Problembeschreibung
Zur dauerhaften Gestaltung von Sockelbereichen gibt es verschiedene Möglichkeiten. Welche Materialien dabei eingesetzt werden können, hängt von der Höhe der Beanspruchung und von der Art des Mauerwerks ab. Auf Bitumenbeschichtungen kann nicht direkt geputzt werden werden (hierzu Lösung Sockelbereich von Weber-Deitermann beachten). Alternativ muss ab Geländeoberkante (GOK) ein Putzträger verwendet werden. Auf mineralischen Dichtungsschlämmen reicht ggf. eine spezielle Putzhaftbrücke. Die Putzgrundprüfung erfolgt gemäß den allgemeinen Regeln. Unterhalb GOK muss der Putz durch die minerlische Dichtschlämme weber.tec 930 geschützt werden.
Anwendungstipp
Schritt: 1 - Mauerwerk mit hoher Festigkeit
Hohe Beanspruchung:Es wird ein deckender Spritzbewurf mit weber.dur 100 auf das Mauerwerk aufgebracht. Nach ausreichender Standzeit wird weber.dur 120 ca. 10 bis 15 mm dick aufgetragen. Wenn kein weiterer Putzauftrag mehr erfogen soll, wird der Putz abgerieben und mit der Silikatfarbe weber.ton 414 gestrichen. Vor einem weiteren Verputzen ist die Fläche gut aufzurauen.

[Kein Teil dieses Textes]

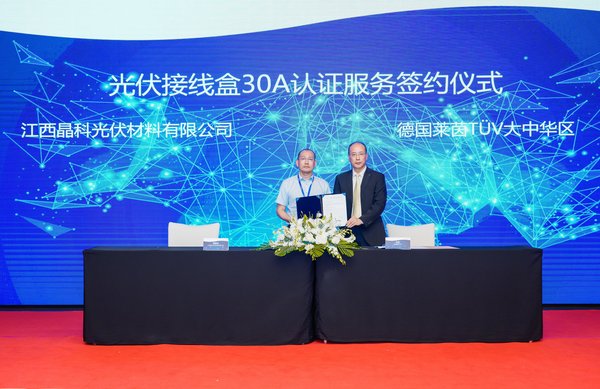 此外,TUV萊茵與9家光伏接線盒生產商簽訂了合作協議,將圍繞30A光伏接線盒進行深入合作,共同致力于大功率大尺寸光伏組件技術解決方案的研發。參與簽約的9家企業包括:江蘇暉朗電子科技股份有限公司、江蘇通靈電器股份有限公司、江西晶科光伏材料有限公司、蘇州同泰新能源科技有限公司、揚州朗日新能源科技有限公司、浙江創源光伏科技有限公司、浙江佳明天和緣光伏科技有限公司、浙江人和光伏科技有限公司和浙江中環賽特光伏科技有限公司。

Schritt: 2 - Mauerwerk mit hoher Festigkeit
Nach einer Standzeit von mind. 14 Tagen kann der Waschputz weber.star 290 aufgetragen werden.
Schritt: 3 - Mauerwerk mit hoher Festigkeit
Mittlere und niedrige Beanspruchung:Der weber.dur 130 wird in 15 bis 20 mm Dicke aufgetragen. Die Oberfläche ist gut aufzurauen.

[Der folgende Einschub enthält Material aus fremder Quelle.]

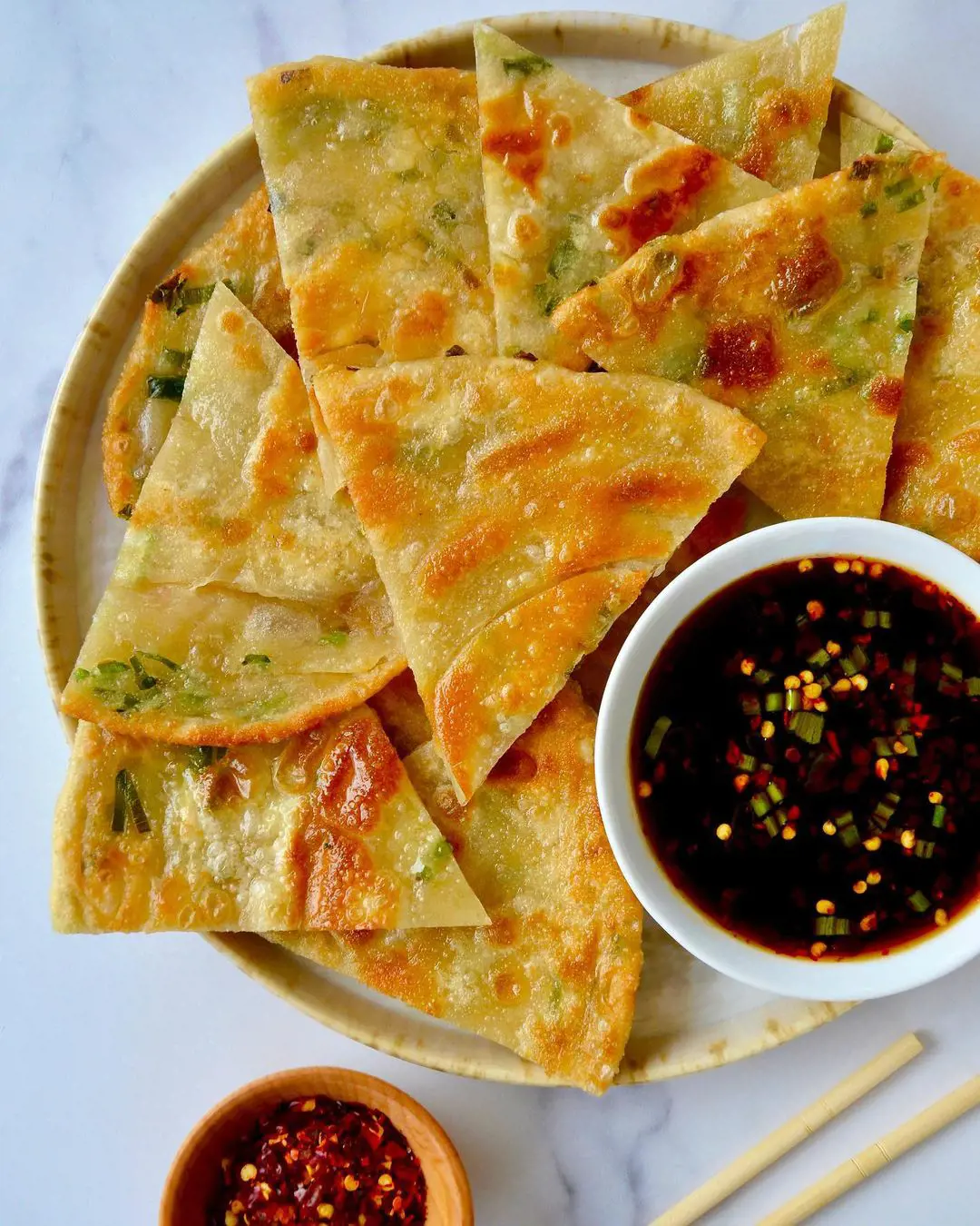 This pancake does not require maple syrup or a medley of fruits. A Chinese scallion pancake is a savory dish made with thin pan-fried dough. The dough is flavored with sesame oil and has bits of scallions.

Schritt: 4 - Mauerwerk mit hoher Festigkeit
Nach einer Standzeit von mind. 7 Tagen wird der Haftputz weber.star 295 aufgebracht und abgerieben.
Schritt: 5 - Mauerwerk mit hoher Festigkeit
Nach ausreichender Standzeit ist der Putz mit einem Farbanstrich (ggf. zweifacher Anstrich) z.B. mit Silikatfarbe weber.ton 414 zu versehen.
Schritt: 6 - Wärmedämmendes Mauerwerk
Höhere Beanspruchung:Der Sockelputz weber.dur 121 wird in einer Dicke von 15 bis 20 mm aufgetragen. Er kann nach dem Anziehen gefilzt oder abgerieben werden.
Schritt: 7 - Wärmedämmendes Mauerwerk
Nach ausreichender Standzeit ist der Putz mit einem Farbanstrich (ggf. zweifacher Anstrich) z.B. mit Silikatfarbe weber.ton 414 zu versehen.
Schritt: 8 - Wärmedämmendes Mauerwerk
Alternativ zum Filzen / Abreiben kann der weber.dur 121 mit Universalgrundierung weber.prim 403 grundiert werden und der Buntsteinputz weber.pas 434 als Oberputz ausgeführt werden.
Schritt: 9 - Wärmedämmendes Mauerwerk
Mittlere und niedrige Beanspruchung:Der weber.dur 130 wird in 15 bis 20 mm Dicke aufgetragen. Die Oberfläche ist gut aufzurauen.
Schritt: 10 - Wärmedämmendes Mauerwerk
Nach einer Standzeit von mind. 7 Tagen wird der Haftputz weber.star 295 aufgebracht und abgerieben.
Schritt: 11 - Wärmedämmendes Mauerwerk
Nach ausreichender Standzeit ist der Putz mit einem Farbanstrich (ggf. zweifacher Anstrich) z.B. mit Silikatfarbe weber.ton 414 zu versehen.
Schritt: 12 - Wärmedämmendes Mauerwerk
Das planeben abgezogene Sockelystem wird bis 5 cm über GOK mit weber.tec 824 oder weber.tec Superflex D2 geschützt. Der Auftrag erfolgt mit einer Deckenbürste. Es müssen mindestens zwei Schichten von max. 1,5 mm Dicke aufgetragen werden. Zwischen den einzelnen Schichten ist eine Standzeit von einem Tag erforderlich. Die maximale Auftragsstärke beträgt 3,0 mm.